Mestre da música instrumental, Roberto Sion lança CD de canções ‘cantadas’

Maestro, pianista, saxofonista ‘da pesada’, Roberto Sion lança CD de inéditas, acompanhado por vozes ‘de primeira’ (©divulgação) O santista Roberto Sion é merecidamente reconhecido como um dos mais importantes maestros, […]

Maestro, pianista, saxofonista ‘da pesada’, Roberto Sion lança CD de inéditas, acompanhado por vozes ‘de primeira’ (©divulgação)

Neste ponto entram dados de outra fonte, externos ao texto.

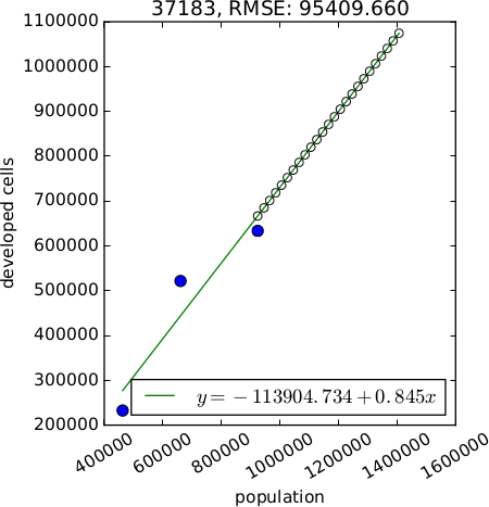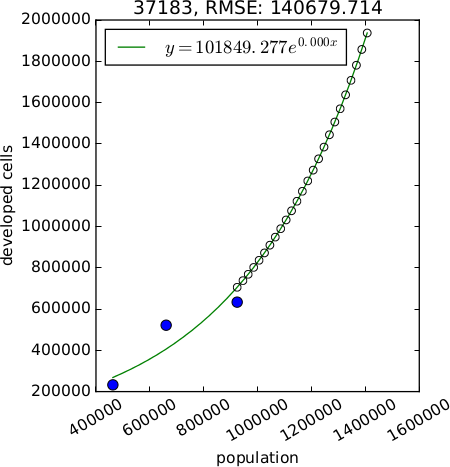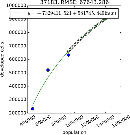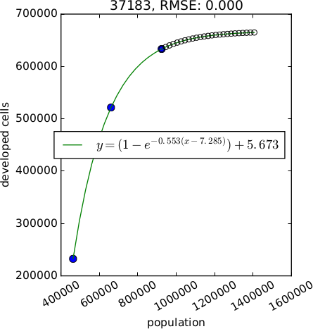 The method parameter allows to choose the type of relation between population and developed area. The available methods include linear, logarithmic (2 options), exponential and exponential approach relation. If more than one method is checked, the best relation is selected based on RMSE. Recommended methods are logarithmic, logarithmic2, linear and exp_approach. Methods exponential approach and logarithmic2 require scipy and at least 3 data points (raster maps of developed area).
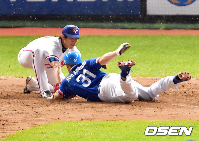 28일 오후 인천 문학야구장에서 열린 2014 인천 아시안게임 야구 결승전 한국과 대만의 경기 5회초 2사 1,3루 김현수의 내야땅볼때 대만 수비의 실책으로 홈쇄도한 1루 주자 손아섭이 홈에서 태그아웃되고 있다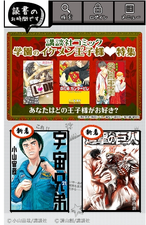 「読書のお時間です」は、「Ameba」の仮想通貨コインで電子書籍を購入できるスマートフォン専用電子書籍サービス。書籍のラインナップはマンガが中心で、「進撃の巨人」(講談社)、「ちはやふる」(講談社)、「黒子のバスケ」(集英社)、「君に届け」(集英社)、「名探偵コナン」(小学館)「銀の匙」(小学館)など、100社以上約4万冊が揃っている。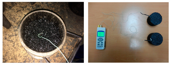The temperature was measured by introducing a thermo-sensor inside the specimens at the time of manufacturing the mixture (Figure 1). With these thermo-sensors, it is possible to determine the internal temperature of the specimens (logging interval one minute). Knowing this, the time of each freeze–thaw cycle is established so that both phases, hot and cold, have enough time to reach the defined temperatures. Each freeze–thaw cycle requires 48 h to be completed, 24 h for the hot time period and 24 h for the cold time period (Figure 2).

O santista Roberto Sion é merecidamente reconhecido como um dos mais importantes maestros, arranjadores, pianistas e saxofonistas brasileiros. Também não é para menos. Ele é um dos responsáveis por misturar o apuro do jazz com as tradições musicais brasileiras. É o que se percebe no ótimo CD “12 Canções Inéditas”, em que as músicas que compôs com letras de Mauricio Gusmão são interpretadas por grandes vozes, como Alaíde Costa, Dominguinhos, Filó Machado, Jane Duboc, Maurício Pereira, Tuca Fernandes e Zé Luiz Mazziotti.

A origem do álbum fica explícita na primeira página do encarte: “Manhã, encontro Maurício na vizinhança: – ‘Dois dias e terminam as inscrições para um Festival, tens umas letras prontas?’. No prazo, três canções e parceria nasciam. A seleção do Festival disse: não! Ao invés da metafórica gaveta, seguimos compondo… eufóricos! Sem hora marcada. Até ganharmos, de nosso Patrocinador, intérpretes e amigos, a graça de repartir estas doze canções inéditas com vocês”.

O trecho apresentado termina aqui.